**Task to complete:** All lines below starting at the one that holds "- Individual calf" and ending at the one that holds "Furfural dokažemo z" should be printed exactly, ends included. Pictures should not be printed, nor anything else.

**Available data:**
---+---
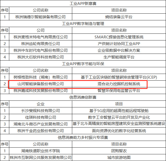 近日,湖南省工信厅公布2022年全国工业APP和信息消费大赛湖南参赛获奖名单,山河智能装备股份有限公司(以下简称“山河智能”)榜上有名。
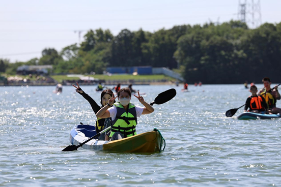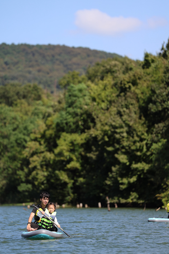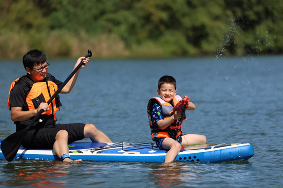 活动当天清晨,阳光温柔地洒在波光粼粼的佛手湖面上,校友们满怀期待地来到营地集合,签到后一起前往桨板准备区。
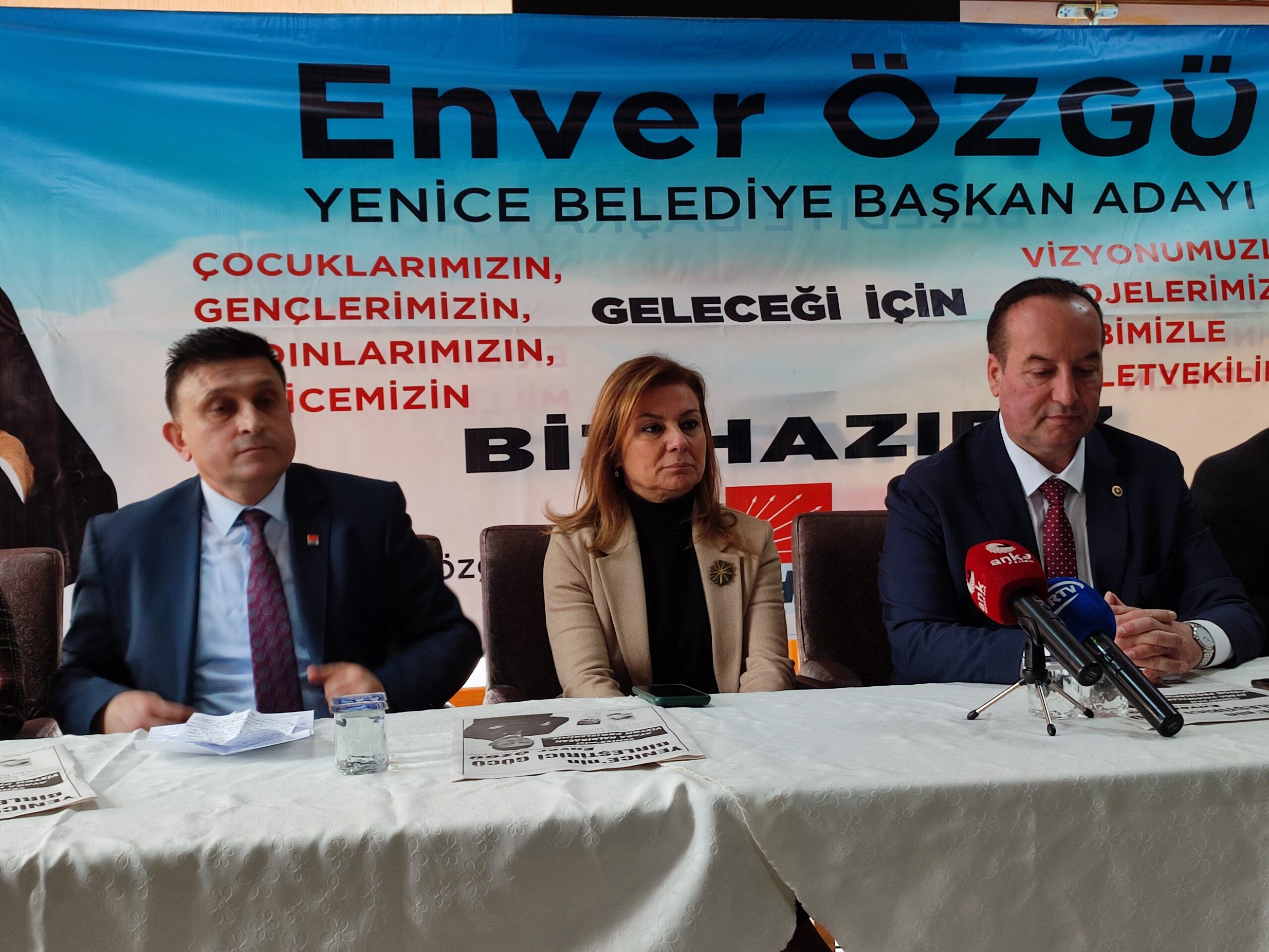 CHP Yenice Belediye Başkanı Adayı Enver Özgü ise yaptığı konuşmada yapacağı projeleri ve çalışmaları tek tek beyan ettiğini dile getirerek, “Yenice’de huzuru, nefes almayı sadece biz başarabiliriz. Safranbolu’da, Çaycuma’da, Eskişehir’de, Ankara’da, İstanbul’da başardık. Cumhur İttifakı’nın hem genelde hem yerelde bu ilçeye hiçbir şey veremeyeceğini gördük. Asgari ücretin 2 katını 3 katını veren Cumhuriyet Halk Partili belediyeleri de gördük. Startı bugün veriyoruz. Bu işi biz başaracağız.”dedi.
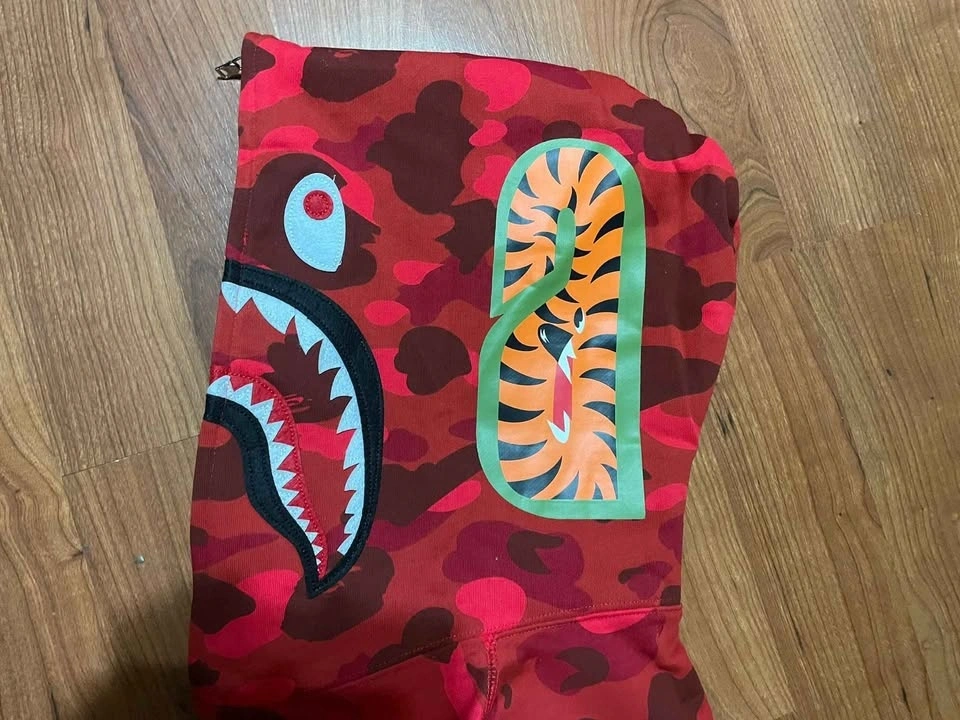 Bape Full Zip-Up Shark Hoodie. Red. Size M. Brand new with tags. Cash only. Meetup at the Planet Fitness Plaza in Pickering (2460 Brock Rd, Pickering, ON L1X 2R2).
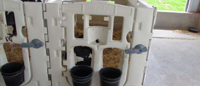 - Individual calf pens can be combined into pairs after weaning to introduce individuals to group housing.
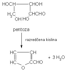 Furfural dokažemo z zmesjo piridina in ocetne kisline
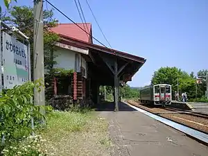 The station has two side platforms, one handling trains traveling north toward Abashiri, and another handling trains going south to Kushiro. Next to the northbound platform is a station building.
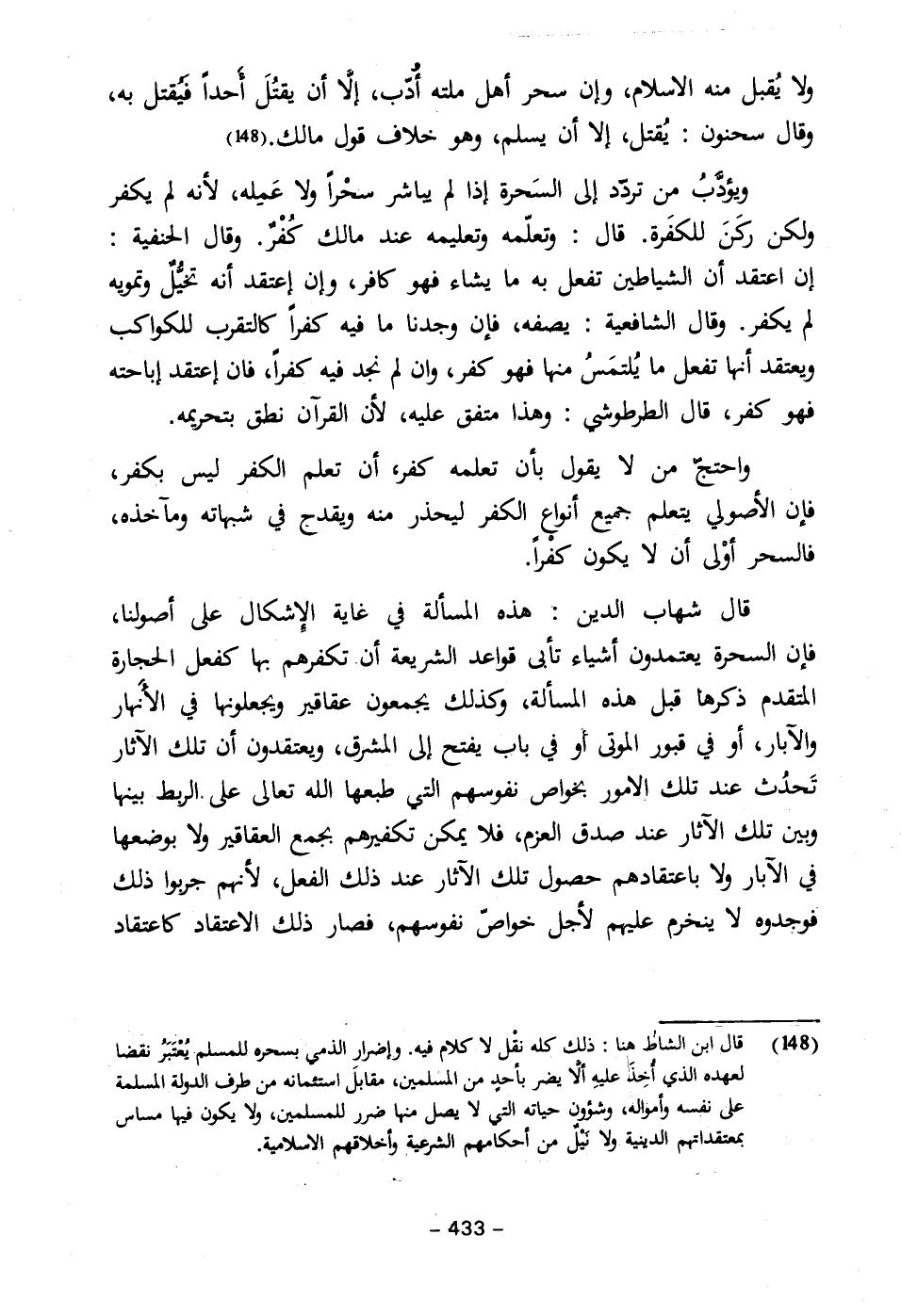 (١٤٨) قال ابن الشاط هنا: ذلك كله نقْل لا كلام فيه. وإضرارْ الذمي بسحره للمسلم يُعْتبَرُ نقضا لعهده الذي أُخذَ عليهِ ألا يضر بأحدٍ من المسلمين، مقابلَ استئمانه من طرف الدولة المسلمة على نفسه وأمواله، وشؤون حياته التي لا يصل منها ضرر للمسلمين، ولا يكون فيها مساس بمعتقداتهم الدينية ولا نيْلٌ من أحكامهم الشرعية وأخلاقهم الاسلامية.
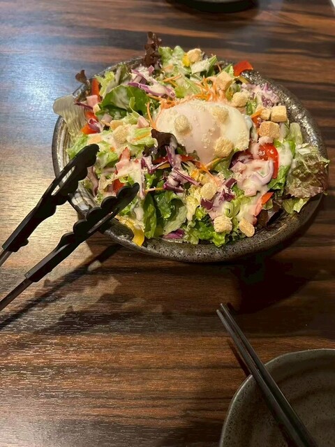 まずいただいたのはサラダ。写真では、たっぷりの葉物野菜にクルトンと温玉がのった一皿で、シャキッとした野菜にコクのあるドレッシングと温玉がよく絡み、最初の一皿として食べやすい味わいでした。
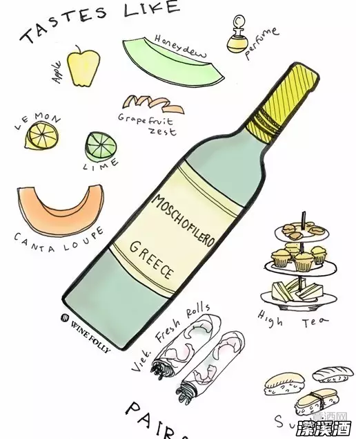 Moschofilero:起源于希腊的一个白葡萄品种,酿造的葡萄酒具有玫瑰花和辛香料的味道,酸度也不错。这个葡萄的品种特性和麝香很相似。
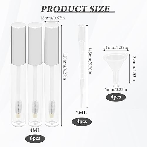 【Comprehensive Kit】 You will receive a complete beauty kit that includes 8 x 4ml empty mascara tube and wand, 8 Rubber Inserts, 4 droppers, and 4 funnels. This set is designed to meet your daily needs and elevate your eyelash and eyebrow care routine. Each component is carefully selected to ensure you can easily personalize your beauty regimen.
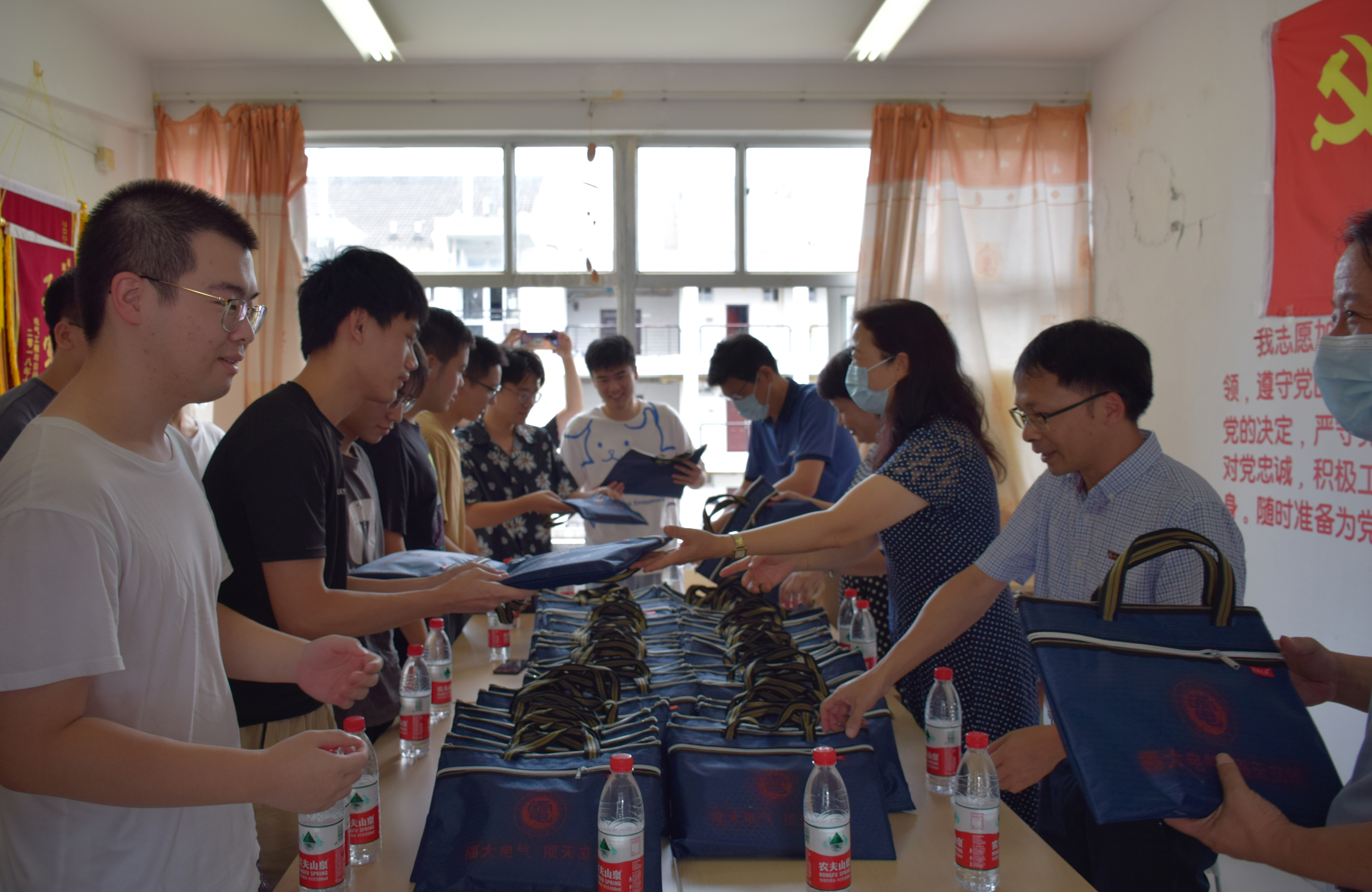 学院领导详细了解同学们在备考期间的学习、生活情况和存在的问题、困难,并现场给与解答解决。了解到不畏酷暑按计划取得复习进展时,占永琼书记鼓励同学们坚定信心和目标,继续发扬艰苦奋斗、自我超越的精神,扎实复习准备。在了解到同学们在活动室复习存在高温炎热的困难,许志红院长当即提议现场党政会议讨论并决定立即给复习室配备制冷设备。学院领导们还给同学们分析了今年的考研形式并提出了指导建议,同时也对同学们在校期间关于疫情防控、安全纪律等方面再次进行明确要求。座谈后,与会领导老师向同学们发放了精心准备的备考礼包表示慰问,为同学们加油助力。
---+---
**Response:**
 - Individual calf pens can be combined into pairs after weaning to introduce individuals to group housing.
 Furfural dokažemo z zmesjo piridina in ocetne kisline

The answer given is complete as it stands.